WIZARD OF BLOGGING LANSNER NEEDS U TO REPORT TO GARBAGE DUTY IMMEDIATELY
U R A DISGRACE TO THE BLOGGING COMMUNITY….
LOLLLLLLLLLLLLLLL
VOR,
There are some things that you don’t need someone else to tell you as FACT; you can observe them for yourself. Do you mean to say that unless someone puts out a poll or study, people can’t notice things for themselves?
if you eat, you’ve presumably bought groceries and may have noticed that the CPI reports are bogus. Anyone who says the price of maintaining a household hasn’t gone up a MINIMUM of 10% in just the last year, has a maid to do the shopping or can’t do simple math… like that oil company executive who couldn’t “remember” whether or not he made more than $4million dollars during this past week’s congressional hearings — who probably has both a maid AND a bad math brain.
Also, if you live in OC you presumably drive a car, run AC in your home from time to time (or the heater — or sometimes both, in the same week, when temps go from the 100’s to hailing in some places– but not to worry — “there is no such thing as global warming”). How much more are you paying to run those now than last year?
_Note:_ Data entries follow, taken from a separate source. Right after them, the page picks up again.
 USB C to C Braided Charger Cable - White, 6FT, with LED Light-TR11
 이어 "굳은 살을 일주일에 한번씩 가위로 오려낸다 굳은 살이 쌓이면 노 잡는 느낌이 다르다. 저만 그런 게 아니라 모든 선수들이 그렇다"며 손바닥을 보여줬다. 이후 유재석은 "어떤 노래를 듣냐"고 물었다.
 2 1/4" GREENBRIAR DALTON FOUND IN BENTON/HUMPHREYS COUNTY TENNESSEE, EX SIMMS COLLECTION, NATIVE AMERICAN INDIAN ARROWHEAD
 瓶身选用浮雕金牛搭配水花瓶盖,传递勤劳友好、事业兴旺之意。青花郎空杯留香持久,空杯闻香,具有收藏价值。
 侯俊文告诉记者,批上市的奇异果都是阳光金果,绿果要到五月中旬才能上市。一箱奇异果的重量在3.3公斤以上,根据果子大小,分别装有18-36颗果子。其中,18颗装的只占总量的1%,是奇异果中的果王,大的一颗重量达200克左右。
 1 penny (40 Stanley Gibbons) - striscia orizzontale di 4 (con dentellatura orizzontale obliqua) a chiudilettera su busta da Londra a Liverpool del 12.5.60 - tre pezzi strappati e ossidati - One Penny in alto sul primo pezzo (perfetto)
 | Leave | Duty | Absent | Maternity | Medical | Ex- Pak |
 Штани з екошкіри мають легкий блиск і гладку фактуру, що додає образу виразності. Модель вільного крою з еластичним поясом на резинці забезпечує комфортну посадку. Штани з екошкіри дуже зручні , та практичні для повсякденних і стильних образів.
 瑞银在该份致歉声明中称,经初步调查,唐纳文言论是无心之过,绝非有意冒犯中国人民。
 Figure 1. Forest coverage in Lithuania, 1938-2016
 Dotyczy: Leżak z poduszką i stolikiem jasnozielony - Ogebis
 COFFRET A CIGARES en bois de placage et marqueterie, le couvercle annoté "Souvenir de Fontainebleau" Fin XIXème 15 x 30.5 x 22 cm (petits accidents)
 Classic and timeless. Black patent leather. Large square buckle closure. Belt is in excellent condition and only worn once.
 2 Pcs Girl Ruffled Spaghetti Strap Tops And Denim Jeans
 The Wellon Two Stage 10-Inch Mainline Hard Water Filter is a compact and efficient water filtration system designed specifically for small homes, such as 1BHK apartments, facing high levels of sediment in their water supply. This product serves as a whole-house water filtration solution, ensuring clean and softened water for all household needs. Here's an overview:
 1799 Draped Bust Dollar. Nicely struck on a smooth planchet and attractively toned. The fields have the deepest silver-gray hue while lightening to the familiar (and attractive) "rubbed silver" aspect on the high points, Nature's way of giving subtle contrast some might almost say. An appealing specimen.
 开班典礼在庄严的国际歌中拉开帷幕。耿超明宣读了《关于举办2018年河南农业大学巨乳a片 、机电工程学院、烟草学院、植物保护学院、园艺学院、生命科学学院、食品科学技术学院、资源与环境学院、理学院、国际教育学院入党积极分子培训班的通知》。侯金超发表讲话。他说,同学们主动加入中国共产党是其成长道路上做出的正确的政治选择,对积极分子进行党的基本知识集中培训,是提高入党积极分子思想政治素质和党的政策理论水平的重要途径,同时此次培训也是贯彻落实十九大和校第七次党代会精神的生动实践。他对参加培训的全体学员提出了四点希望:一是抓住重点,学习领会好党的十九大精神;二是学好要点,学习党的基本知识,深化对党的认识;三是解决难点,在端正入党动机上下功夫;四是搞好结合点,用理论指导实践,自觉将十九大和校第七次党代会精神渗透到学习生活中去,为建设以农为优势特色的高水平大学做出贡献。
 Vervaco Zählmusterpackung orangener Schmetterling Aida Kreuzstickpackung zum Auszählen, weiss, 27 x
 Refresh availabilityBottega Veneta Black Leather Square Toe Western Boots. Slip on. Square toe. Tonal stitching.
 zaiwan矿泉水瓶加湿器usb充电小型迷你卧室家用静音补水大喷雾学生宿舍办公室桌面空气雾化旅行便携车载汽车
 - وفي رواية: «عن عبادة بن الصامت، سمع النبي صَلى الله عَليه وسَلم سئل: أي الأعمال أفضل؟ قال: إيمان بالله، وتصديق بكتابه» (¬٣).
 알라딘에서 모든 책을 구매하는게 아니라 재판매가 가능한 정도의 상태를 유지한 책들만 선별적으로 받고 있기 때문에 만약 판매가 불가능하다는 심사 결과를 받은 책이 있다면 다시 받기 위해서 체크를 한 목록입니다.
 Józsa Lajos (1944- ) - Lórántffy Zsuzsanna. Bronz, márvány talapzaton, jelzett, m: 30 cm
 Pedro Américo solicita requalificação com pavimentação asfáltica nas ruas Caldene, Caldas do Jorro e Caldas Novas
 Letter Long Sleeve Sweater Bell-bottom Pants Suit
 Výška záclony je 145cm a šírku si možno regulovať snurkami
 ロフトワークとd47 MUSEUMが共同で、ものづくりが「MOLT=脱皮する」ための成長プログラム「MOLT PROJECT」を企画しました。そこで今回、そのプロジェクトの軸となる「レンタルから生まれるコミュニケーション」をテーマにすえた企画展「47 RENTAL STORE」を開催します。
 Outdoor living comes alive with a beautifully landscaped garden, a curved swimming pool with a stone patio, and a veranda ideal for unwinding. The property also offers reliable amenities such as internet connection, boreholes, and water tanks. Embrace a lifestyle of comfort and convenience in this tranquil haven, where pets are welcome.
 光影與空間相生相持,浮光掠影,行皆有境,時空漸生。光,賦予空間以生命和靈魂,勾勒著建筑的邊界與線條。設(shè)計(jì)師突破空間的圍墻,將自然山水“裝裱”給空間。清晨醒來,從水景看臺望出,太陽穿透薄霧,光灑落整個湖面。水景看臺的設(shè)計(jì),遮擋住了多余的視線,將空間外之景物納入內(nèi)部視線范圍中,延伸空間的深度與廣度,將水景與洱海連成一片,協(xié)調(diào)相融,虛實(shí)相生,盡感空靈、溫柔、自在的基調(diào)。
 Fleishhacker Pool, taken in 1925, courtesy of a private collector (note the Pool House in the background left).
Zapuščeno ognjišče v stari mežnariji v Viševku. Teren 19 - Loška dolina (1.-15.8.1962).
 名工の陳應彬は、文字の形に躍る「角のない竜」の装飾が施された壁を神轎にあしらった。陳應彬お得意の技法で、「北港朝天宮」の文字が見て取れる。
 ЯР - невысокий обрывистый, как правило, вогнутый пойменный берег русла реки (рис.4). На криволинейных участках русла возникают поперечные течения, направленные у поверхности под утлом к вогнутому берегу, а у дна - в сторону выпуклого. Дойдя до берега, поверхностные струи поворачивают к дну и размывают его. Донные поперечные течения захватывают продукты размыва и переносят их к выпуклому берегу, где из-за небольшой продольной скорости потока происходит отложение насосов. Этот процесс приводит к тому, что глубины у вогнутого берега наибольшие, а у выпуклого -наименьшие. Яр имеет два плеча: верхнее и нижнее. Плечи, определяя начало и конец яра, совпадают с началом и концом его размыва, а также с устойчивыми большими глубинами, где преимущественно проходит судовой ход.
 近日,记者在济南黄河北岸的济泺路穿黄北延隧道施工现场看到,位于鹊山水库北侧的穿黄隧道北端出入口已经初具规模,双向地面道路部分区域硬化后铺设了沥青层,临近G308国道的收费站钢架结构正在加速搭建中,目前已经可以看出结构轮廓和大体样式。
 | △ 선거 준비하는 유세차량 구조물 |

if you’ve read or listen to just about any news, you’ve no doubt heard that CA broke all previous records for NODs and Defaults last month… AGAIN!
if you’ve looked at housing foreclosure stats in EVERY area in OC you’d have noticed the coastal areas slowly beginning to participate in the NOD’s and defaults — no area is immune, but people can keep hoping.
And if you are one of those “OC is special and the rest of the nation doesn’t matter” folk, I would suggest you take a look at the number of dollars and jobs tourists bring into our county, for everything from visits to Disney to visiting our beautiful coastal areas. What happens to an already faltering job market and economy when those people outside of OC don’t have the same amount of money to spend here?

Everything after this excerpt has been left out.